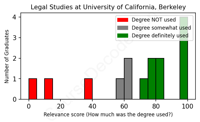 The verdict? On par with the average. Overall, with an average relevance score of 67%, Legal Studies graduates from University of California, Berkeley have about the same likelihood of finding work in this field as the average graduate across all fields:
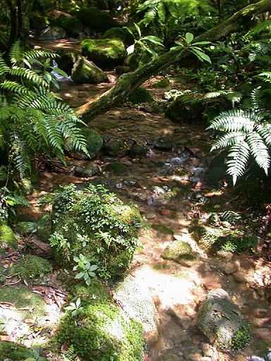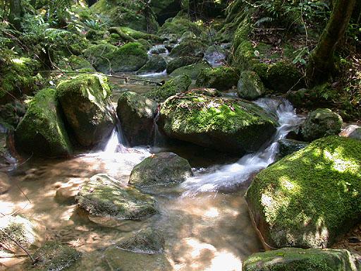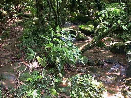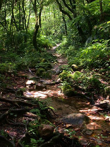 正所謂人有善念,天必從之。我既欲將內雙溪上游的美景拍的唯美,天空就現出正午的陽光了,這時的溪水因為光影投射而略有熱帶叢林的意味。跟哈盆古道比起來,同樣具有溪水潺潺流過林中的雙溪溝古道其實是比較溫馴的小號台灣亞馬遜呢。
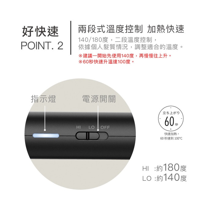 4. 140/180度,2段溫度調節功能
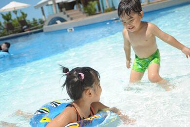 • ガーデンプールは最深約1m。傾斜のついているプールですので、お子様でもご利用可能。
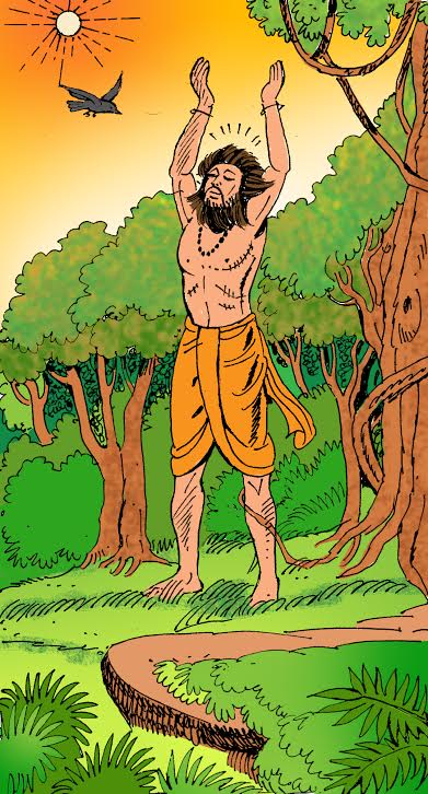 A young ascetic strode into a thick jungle. He took a dip in a pond and walked to a forest clearing. He stood with legs slightly apart, looked up, closed his eyes and stood motionless, taking the sun and the passing wind on his face. He stood still without movement for hours, for days and nights, for weeks, and for months. Many years passed; he did not stir. He just stood, eyes closed, mind still, heart filled with peace and love.
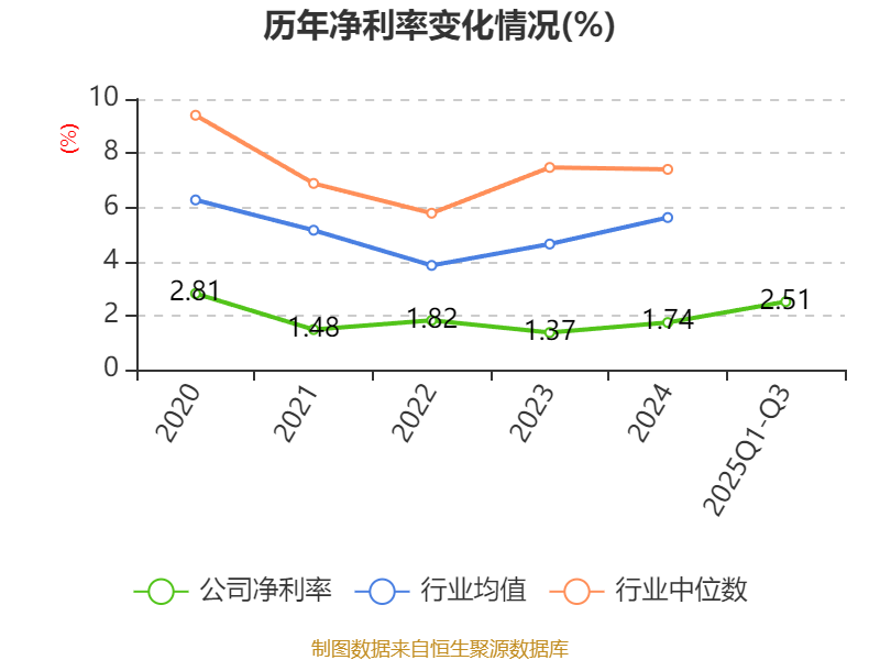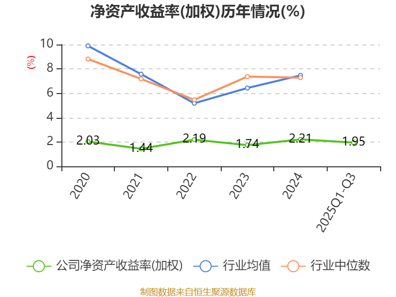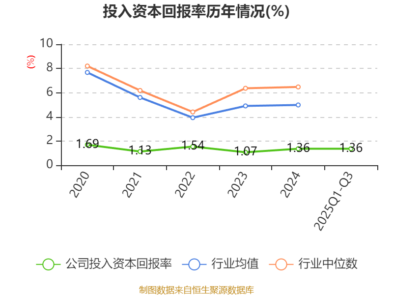 盈利能力方面, 2025年前三季度公司加权平均净资产收益率为1.95%,同比上升0.23个百分点。公司2025年前三季度投入资本回报率为1.36%,较上年同期上升0.28个百分点。

::::::::

**Requirement:** The entries should be reproduced word for word, pictures omitted.

**Exercise result:**
 The verdict? On par with the average. Overall, with an average relevance score of 67%, Legal Studies graduates from University of California, Berkeley have about the same likelihood of finding work in this field as the average graduate across all fields:
 正所謂人有善念,天必從之。我既欲將內雙溪上游的美景拍的唯美,天空就現出正午的陽光了,這時的溪水因為光影投射而略有熱帶叢林的意味。跟哈盆古道比起來,同樣具有溪水潺潺流過林中的雙溪溝古道其實是比較溫馴的小號台灣亞馬遜呢。
 4. 140/180度,2段溫度調節功能
 • ガーデンプールは最深約1m。傾斜のついているプールですので、お子様でもご利用可能。
 A young ascetic strode into a thick jungle. He took a dip in a pond and walked to a forest clearing. He stood with legs slightly apart, looked up, closed his eyes and stood motionless, taking the sun and the passing wind on his face. He stood still without movement for hours, for days and nights, for weeks, and for months. Many years passed; he did not stir. He just stood, eyes closed, mind still, heart filled with peace and love.
 盈利能力方面, 2025年前三季度公司加权平均净资产收益率为1.95%,同比上升0.23个百分点。公司2025年前三季度投入资本回报率为1.36%,较上年同期上升0.28个百分点。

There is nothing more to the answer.